Great job, it fit the contest requirements to a T. rich


----------



## Dorado-Mahi (May 23, 2004)

A big CONGRATS MsAddicted! Well deserved.


----------



## chicapesca (Jun 7, 2004)

Congratulatons MsAddicted! It was one of my favs, it is just beautiful! :dance:
Dixie Lee, congrats to you too! Very nice shot!:smile:


----------



## Charles Helm (Oct 22, 2004)

Congratulations!


----------



## MsAddicted (Jan 25, 2005)

Wow!!! And to think I nearly forgot to enter at all. I threw it in almost literally at the last minute, lol. 

Thanks everybody!

And congrats to Dixie as well, very nice!


----------



## my3peas (Jan 9, 2007)

Congrats! lovely photo!


----------



## PaulB (Jun 23, 2004)

Congrats, very nice indeed.


----------



## FREON (Jun 14, 2005)

congrats a sum green 4 U


----------



## grayfish (Jul 31, 2005)

...


----------



## Koru (Sep 25, 2006)

Congratulations MsAddicted. That's a beautiful photo - very zen like. And awesome work by all contestants. It's sure getting tricky to choose only three photos.
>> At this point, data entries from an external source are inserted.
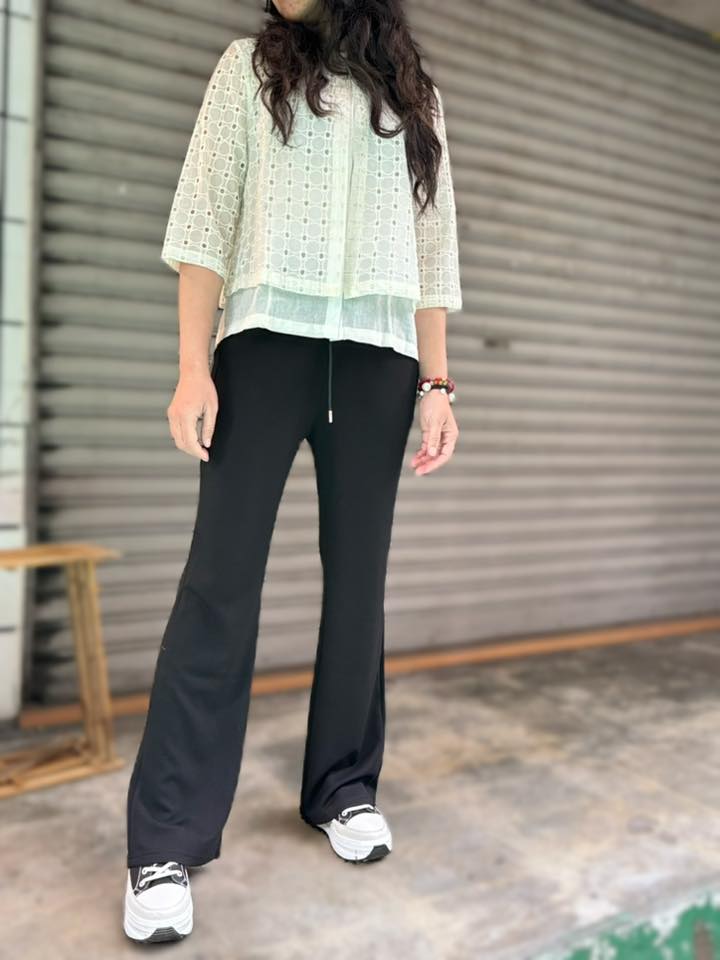 【8061 S-3L 懶懶系學霸 空氣棉寬喇叭長褲】
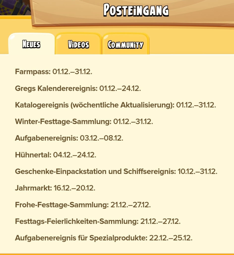 Das Update kommt vermutlich morgen Montag. Die Geschenkeinpackmaschine in der die Winterbeeren-Geschenke produziert werden soll lt. Dairy News am Tag nach dem Update kommen. Das wäre dann am Dienstag, 03.12.
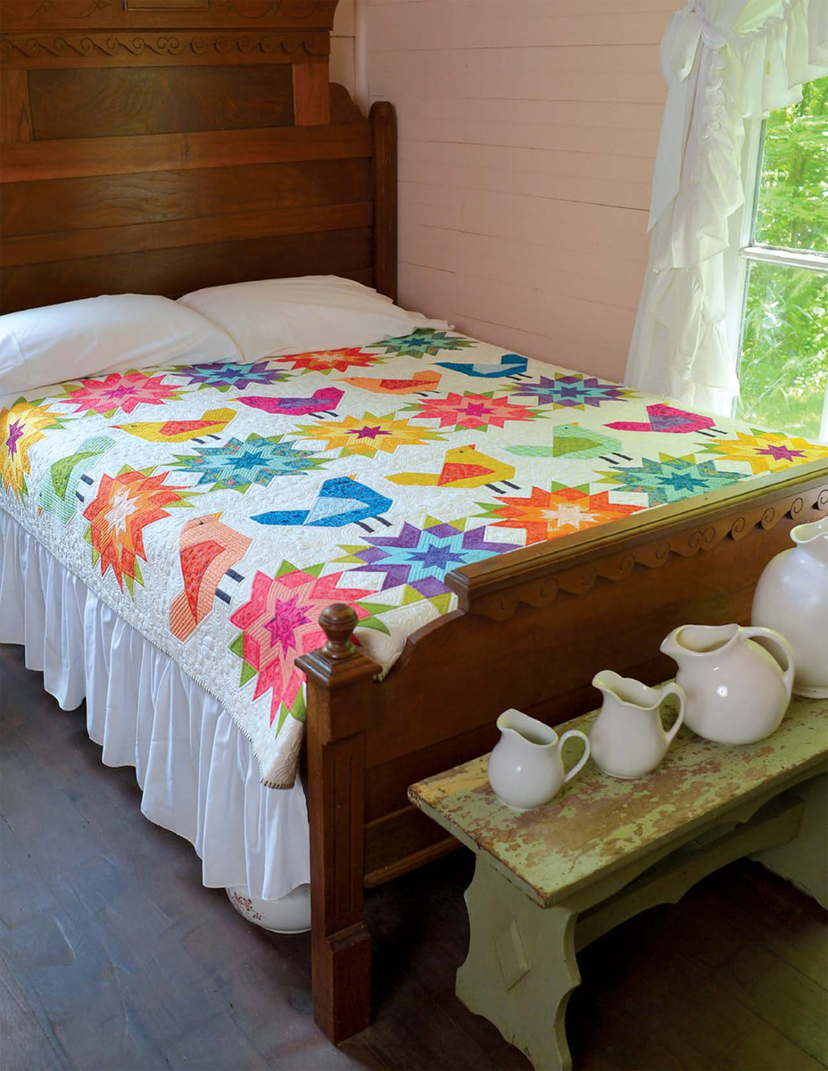 Дорогие рукодельницы, весна — это всегда радость! Сегодня делимся идеей большого уютного пледа с рядами милых птичек и пышных весенних цветов. Получается 15 блоков с птицами и 15 с цветами, собранных в полосы по пять штук и обрамлённых тонкой рамкой. Можно повторить предложенную раскладку или придумать свою — всё в ваших руках!
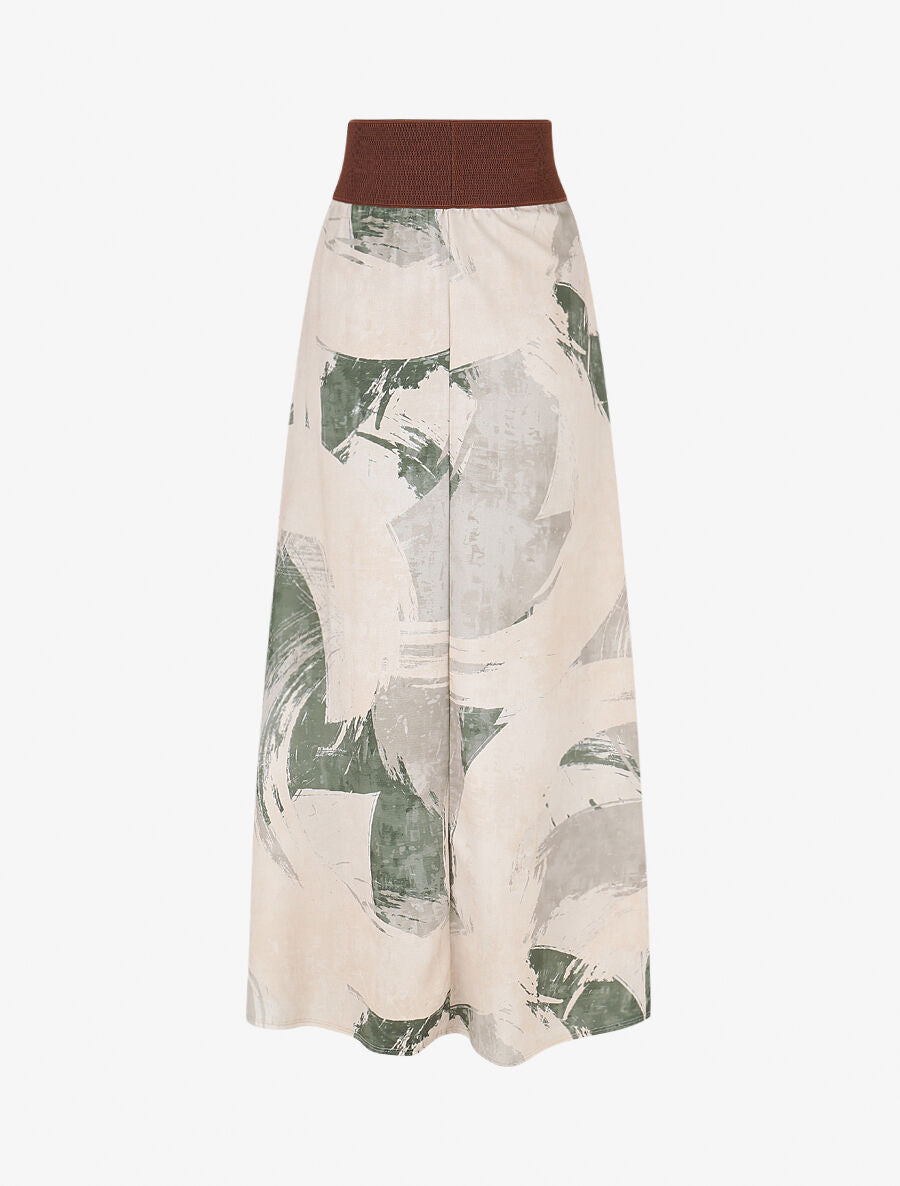 Jupe longue évasée imprimé abstrait - Kaki - 2
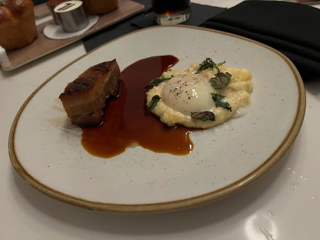 We also ordered a carry-over appetizer from the Wave – the Bacon & Eggs (Maple-Lacquered Pork Belly, Cheese Grits, Perfect Egg).
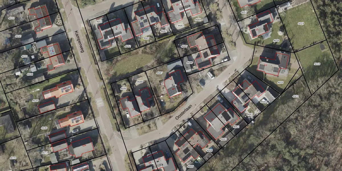 Gebruik de zoekbalk of klik op een perceel voor informatie over de adressen binnen dit perceel.
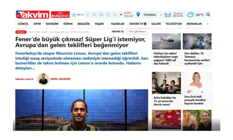 Νέο δημοσίευμα της τουρκικής εφημερίδας “Takvim”, φέρνει στο φως νέες πληροφορίες σχετικά με την απόκτηση του Μαουρίσιο Λέμος από τον Άρη.
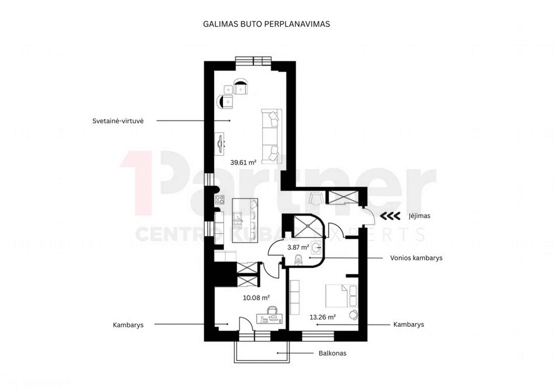 Puiki vieta gyventi ir išskirtinė investicinė galimybė prestižinėje miesto dalyje, kadangi bendras plotas leidžia patalpas pertvarkyti į 3 kambarių butą su erdvia svetaine-virtuve, dviem atskirais miegamais kambariais ir vonios kambariu. Atlikus rekonstrukciją ir remontą, galima susikurti modernų bei funkcionalų būstą pagal savo poreikius ir skonį (pateikiamas galimas patalpų perplanavimo variantas).
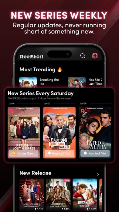 Tired of never finishing a movie or paying for unused subscriptions? Watch ReelShort — Every Second is Drama Say hello to ReelShort, a next-gen HD streaming short movie platform offering exclusive vertical TV mini series. Recognized by Times100 for our movie reels innovation in the entertainment industry, we're changing the way you watch movies with our one-minute short movie episodes that you can enjoy anytime, anywhere, all from the convenience of your phone with the ReelShort App. Choose from our TV mini series library packed with endless addictive movie shorts added daily, from romantic encounters with billionaires and heart-wrenching tragedies to epic comeback stories and more—you won't ever be short on short movie entertainment! Featured Shows: [Don't Miss Me When I'm Gone] After losing my parents, I move in with my godmother, Aunt Sandra. I live under her roof with her two sons-the Miller brothers-surrounded by love and care. I think I’ll end up with one of them. But everything changes when the maid’s daughter, Lola, moves in. The Miller brother I love most breaks my heart into pieces. After I leave, they lose their minds trying to find me. [Move Aside! I'm the Final Boss] Kingsley is the secret King of King's Corps and the richest man on Earth, but when he returns from the battlefield, his childhood sweetheart brutally dumps him, thinking he's a clown. How will the King of all men make her regret it? Here's why you'll love ReelShort: Bite-sized original movie shorts designed for on-the-go viewing •Exclusive short movies with juicy vertical content that will keep you hooked •New TV mini series added daily, with hundreds of new episodes each month •Hollywood-quality entertainment, crafted for the big screen delivered to your small screen •The first ever interactive live action short movies, where you decide what happens next Experience the future of short movie entertainment, one minute at a time — download ReelShort now! "Crazy Maple Studio is quietly changing the streaming game with its ReelShort app." - Time100 "The biggest player in this new genre is ReelShort." - New York Times "Every minute has a hook that keeps you watching." - Wall Street Journal "ReelShort, which has dozens of shows — similarly light on character development and packed with curveballs — made for binge-watching in minutes." - Washington Post Follow Us on Social Media Instagram: https://www.instagram.com/reelshortapp Facebook: https://www.facebook.com/reelshortapp YouTube: https://youtube.com/@reelshortapp TikTok: https://www.tiktok.com/@reelshortapp ReelShort's Website: https://www.reelshort.com Notice: If you subscribe through Apple, the payment will be deducted from your App Store account upon purchase confirmation. Subscription privileges: While your subscription is active, you can watch all tv mini series for free. Your subscription will take effect within 24 hours after purchase, depending on the status of your order in the Apple Store. The subscription is valid for 7 days. Auto-Renewal: Your subscription will automatically renew. You will be charged within 24 hours before the start of each subscription period until you cancel your subscription. Cancellation: On iOS devices, you can cancel your subscription at least 24 hours before the next renewal date by going to Settings > iTunes & App Store > Apple ID > View Apple ID > Subscriptions > ReelShort. The subscription is billed weekly. The actual price may vary by region. Terms of Service: https://crazymaplestudios.com/v/user-agreement Privacy Policy: https://crazymaplestudios.com/v/privacy-agreement
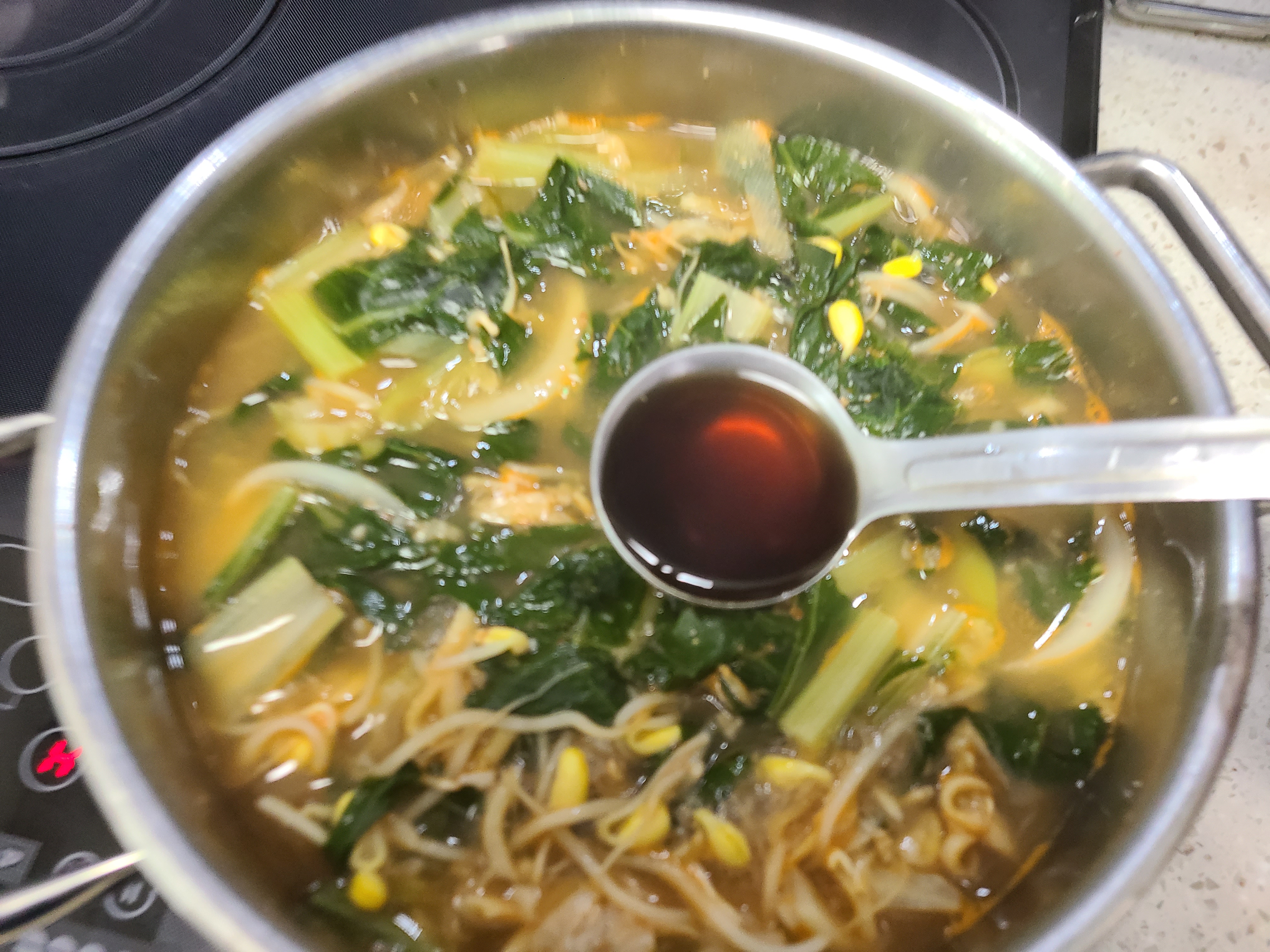 4. 콩나물이 한 줌이 있어 국물이 시원하라고 넣어주었는데 없으면 생략해도 된다.
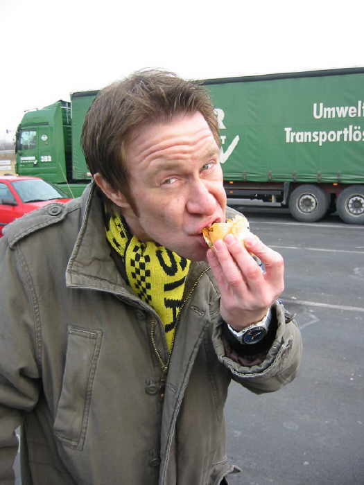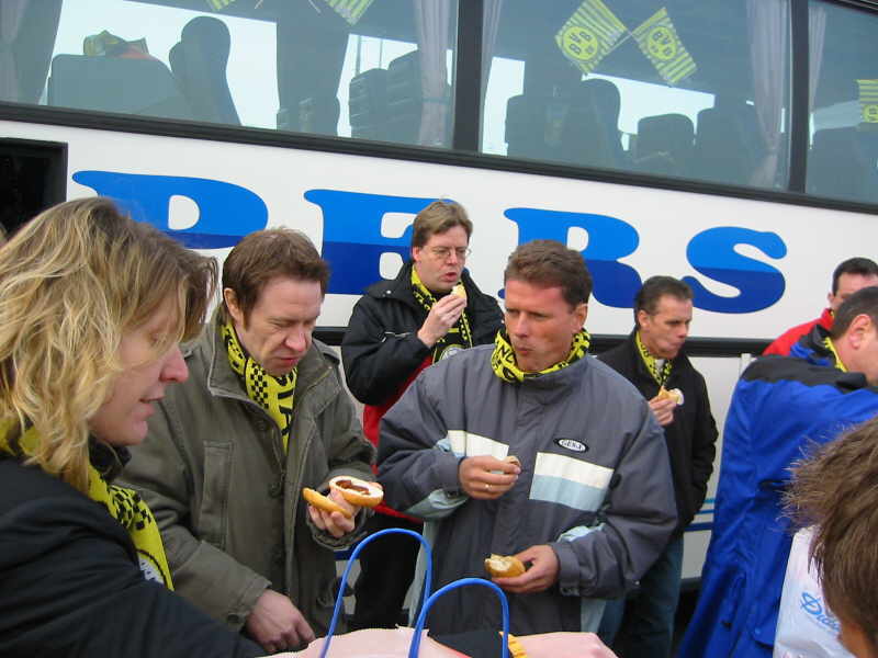 Traditionell wurde die Anreise nicht nur durch zahlreiche „Pinkelpausen“, sondern auch durch das bewährte, allseits beliebte Frühstück, sogar klinisch einwandfrei zubereitet, unterbrochen. Nur wenigen Stimmen war zu entnehmen, dass warmer Kaffee vielleicht besser gepasst hätte als kaltes Bier. Immerhin konnten wir den Belag erfolgreich gegen die Bundeswehr verteidigen.
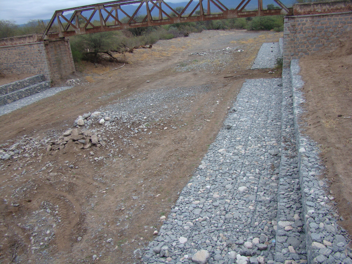 En este caso las obras, que cuentan con un presupuesto de 8,5 millones de pesos, registran un avance superior al 70%. Se construyeron gaviones y colchonetas de piedra embolsada con alambre tejido, disipadores de energía y reconstrucción de conos de puentes que fueron afectados seriamente durante la temporada estival 2011-2012.
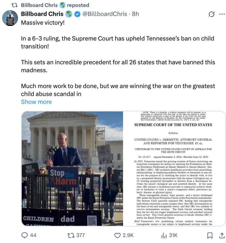 Matt Walsh has been relentless. He’s not only reported on the horrors of “gender-affirming care” on his show but also appeared in town halls and government, and helped push the fight in Tennessee to ban the practice. He deserves much credit today.
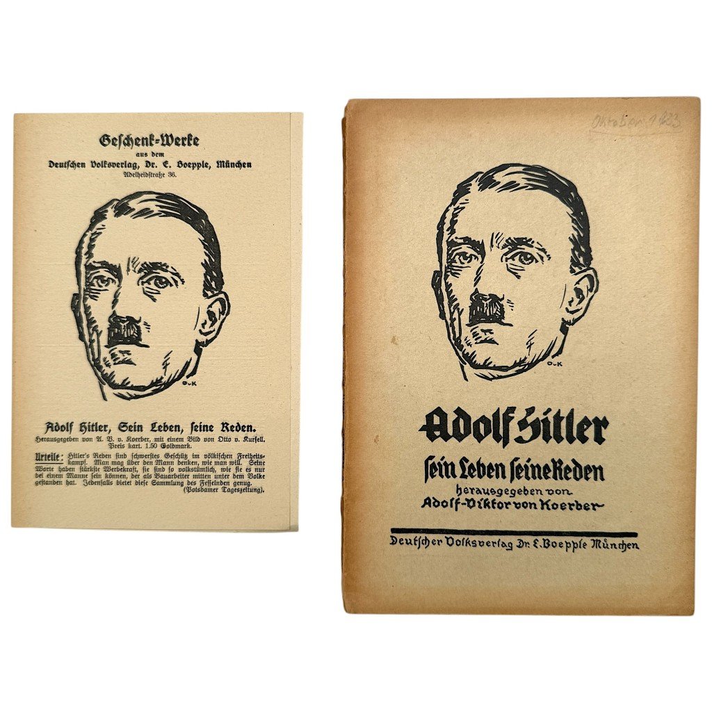 Original early German brochure with flyer from 1924 titled Adolf Hitler Sein Leben, seine Reden compiled by Adolf-Viktor von Koerber.This publication from Germany belongs to the early period of National Socialist propaganda and offers insight into the formative years of Hitler's public image.The brochure includes biographical texts and speeches accompanied by an inserted flyer advertising völkisch and antisemitic literature.Published by Deutscher Volksverlag in Munich, it reflects the political and social climate of the interwar period.The front and back cover and several pages are loose.A very rare collector's item of significant historical interest for collectors of early 20th century political printed material.Article number 18904Originele 1924 Duitse brochure Adolf Hitler Sein Leben – Adolf-Viktor von Koerber met flyerOriginele vroege Duitse brochure uit 1924 getiteld Adolf Hitler Sein Leben, seine Reden samengesteld door Adolf-Viktor von Koerber.Deze uitgave uit Duitsland behoort tot de vroege periode van nationaalsocialistische propaganda en geeft een inkijk in de beginfase van Hitlers publieke profilering.De brochure bevat biografische teksten en redevoeringen aangevuld met een bijgevoegde flyer met advertenties voor völkische en antisemitische literatuur.Het drukwerk is uitgegeven door Deutscher Volksverlag in München en weerspiegelt de politieke en maatschappelijke context van het interbellum.De voor- en achterkaft en enkele pagina's van de brochure zijn los.Zeer zeldzaam verzamelobject dat van grote historische waarde is voor verzamelaars van vroeg 20e-eeuws politiek drukwerk.
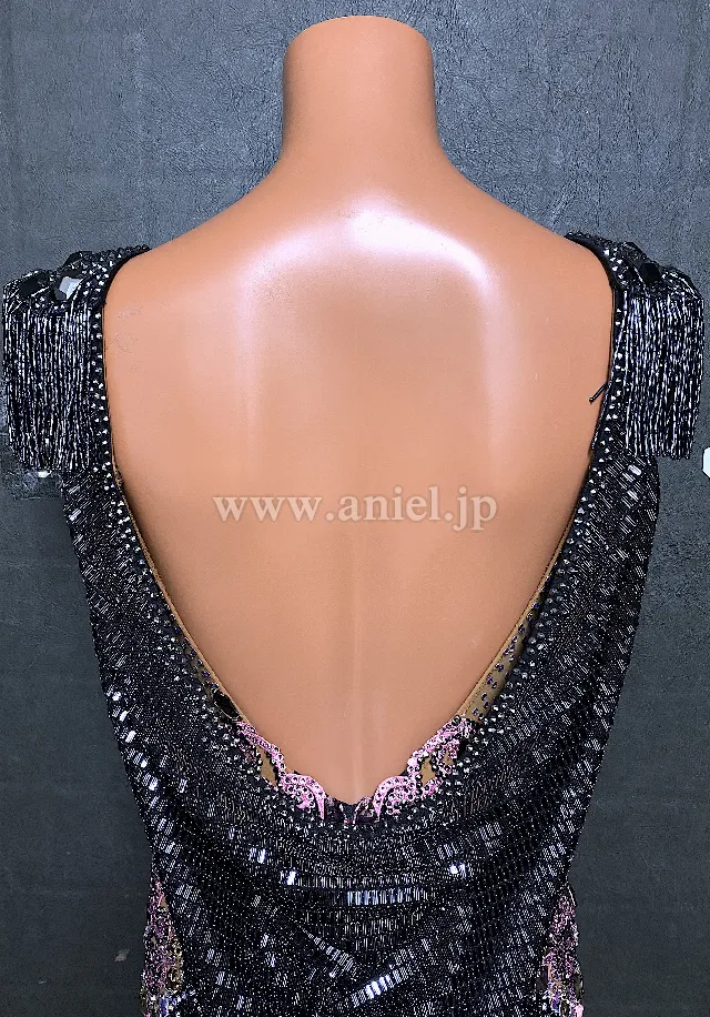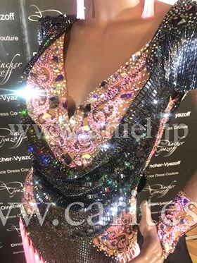 肩のビーズフリンジやスパンコール生地が煌びやかに踊るドレス。

Thanks Rusty for another month well run.

rosesm


----------



## Slip (Jul 25, 2006)

Congrats MsAddicted. Good work.


----------



## baylvr (Jun 28, 2004)

CONGRATS GIRL!! That's a breathtaking photo!!!


----------



## MsAddicted (Jan 25, 2005)

Why, thank you!

I agree Koru, its hard to choose!


----------



## grayfish (Jul 31, 2005)

One more try. (mispelling in the first one)


----------



## Captain Mike (Nov 20, 2006)

Congratulatons MsAddicted! It was one of my favorites too...great shot


----------



## MsAddicted (Jan 25, 2005)

Grayfish you are too cute!


----------



## RustyBrown (May 29, 2004)

Very nice shot 4 sure


----------



## Shed Hunter (Mar 14, 2006)

*Winner!*

It was one of my favorites also. Really nice shot MsA.
SH


----------